[Aim of the task]:
Line by line, repeat the material below exactly and leave the images out.

[Information provided]:
□ □ □
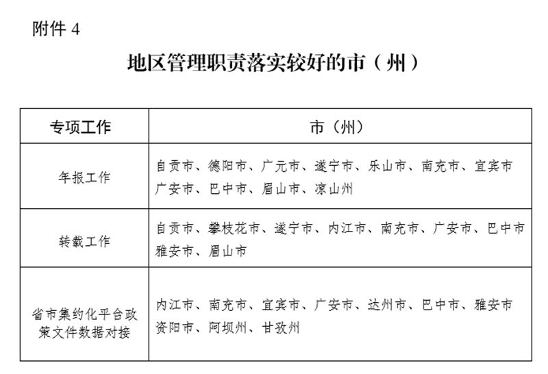 (一)政府网站。全覆盖检查各市(州)、省直部门(单位)在运行的802个政府网站,合格率达99.25%,发现存在突出问题的政府网站6个。成都、自贡、绵阳、凉山等16个市(州)的政府网站合格率较高。
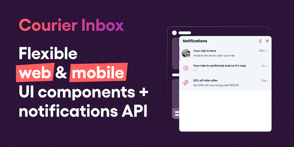 Courier inbox is an in-app notification center for web and mobile apps. Use pre-built UI components and a powerful API to design a notification experience that perfectly matches your app and helps dri
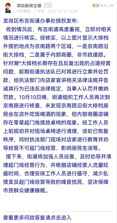 11. 帖文《请布吉街道办回应大排档晚上扰民》
□ □ □
[Exercise response]:
 (一)政府网站。全覆盖检查各市(州)、省直部门(单位)在运行的802个政府网站,合格率达99.25%,发现存在突出问题的政府网站6个。成都、自贡、绵阳、凉山等16个市(州)的政府网站合格率较高。
 Courier inbox is an in-app notification center for web and mobile apps. Use pre-built UI components and a powerful API to design a notification experience that perfectly matches your app and helps dri
 11. 帖文《请布吉街道办回应大排档晚上扰民》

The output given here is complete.